How to Solve the Pension Crisis and Encourage Financial Discipline at the Same Time

Many states are experiencing serious problems trying to deal with deficits driven in part by huge pension obligations. Retired government workers have become a burden that is no longer serviceable.

What I suggest is a means tested pension system with debenture bonds subordinate to the other obligations of the state due when those obligations are met on a steady basis. It will be real money, just now now and not until the state's financial situation comes under control.

Here's how it would work:
All pensions would be capped at no more than $40,000 per year to be paid at once. This would be an indexed amount. The balance due would be issued as non interest bearing debentures. The debentures could be cashed out to a factoring agency like J D Wentworth if there were buyers. The debentures could be used to buy things and services from willing sellers. There could be a secondary market.

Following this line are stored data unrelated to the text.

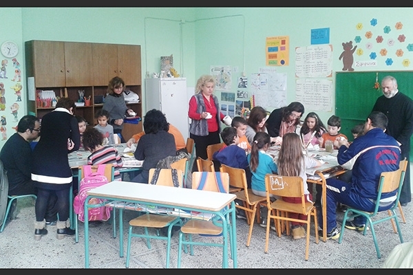 Τα παιδιά είχαν την ευκαιρία να συμμετέχουν διαδραστικά σε μία σειρά βιωματικών δραστηριοτήτων. Οι ωφελούμενοι του Κέντρου Κοινωνικής Στήριξης χρησιμοποίησαν πηλό, από τα εργαστήρια στα οποία απασχολούνται στη δομή, για τη δημιουργία ροδιών. Όλα τα παιδιά συμμετείχαν βάζοντας τη φαντασία τους στην χρήση των χρωμάτων για τις κατασκευές αλλά και τη διακόσμηση αυτών. Στη συνέχεια είχαν την ευκαιρία να γευματίσουν όλοι μαζί με εδέσματα τα οποία είχαν ετοιμάσει νωρίτερα οι μαθητές του σχολείου.
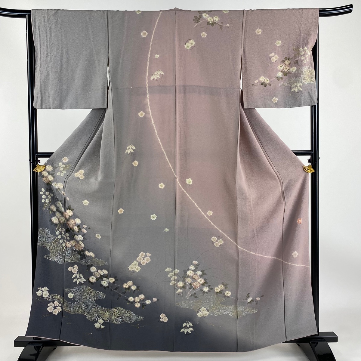 - 訪問着 身丈160.5cm 裄丈65cm M 袷 滝泰 落款 草花 霞 金銀彩 絞り 灰色 正絹 名品 【中古】
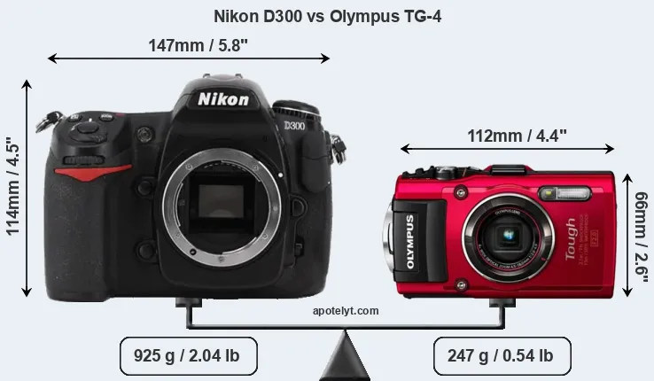 An illustration of the physical size and weight of the Nikon D300 and the Olympus TG-4 is provided in the side-by-side display below. The two cameras are presented according to their relative size. Three consecutive views from the front, the top, and the rear side are shown. All size dimensions are rounded to the nearest millimeter.
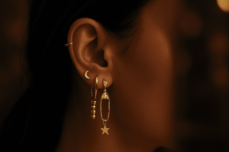 كما يلجأ كثير من المستخدمين إلى إضافة قطعة ذات طابع رمزي، مثل قرط على شكل قلب أو نجمة، بهدف إضفاء طابع شخصي على تكديس الأقراط وربط الإطلالة بقصة أو معنى خاص.
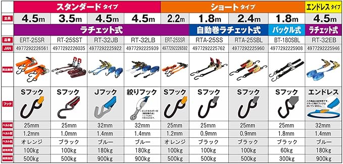 ※簡易バックルを使用していますので締め付け強度はラチェット式荷締機の1/2程度です。
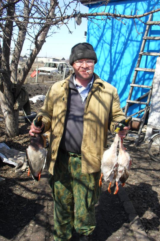 Ездили в Саратовскую область, в среду позванил знакомый, говорит гуся приперло немеренно, сидят на разливах р. Терешка на озимях. В четверг были на месте, никого не нашли. Знакомый оправдывается три дня гуси жили никуда не летали, где сейчас, только плечами пожимает. Нашли в одном месте уток. Сделали сркадок , поставили чучела, манили манками, результат за десять часов 1 селезень свяизи, да безуспешная попытка орлана упереть чучело красноголовика прямо из под носа. Выслушав немного мата улетел к себе в поднебесье.В субботу опять пытались отохотится, погода чудо с самого утра дождик, ветер 6-10 метров, температура 0 градусов. Утка прет над Терешкой в поднебесье, гуся 2 косяка там же в небесах. В результате ноль. Будем ждать очередных известий и снова в бой.
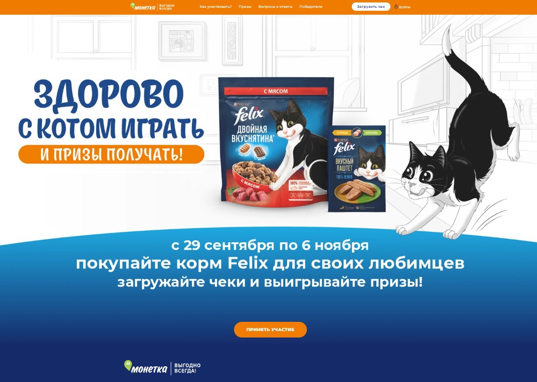 С 29 сентября по 6 ноября покупайте корм FELIX® для вашего питомца в «Монетке», регистрируйте чеки и выигрывайте призы!

Once the day came that the state became solvent again, the bearer bonds, the subordinated debentures could be presented for a cash payout.


This would have the net effect of balancing the budget quickly and it would create additional pressure to balance the state budgets.

All in all a good thing. Of course it will never work. It makes too much sense.

1 comment:

Anonymous said...

the unions along with their their pension systems should be tossed into the Gehenna , It is Their 'system' that puts states in debt.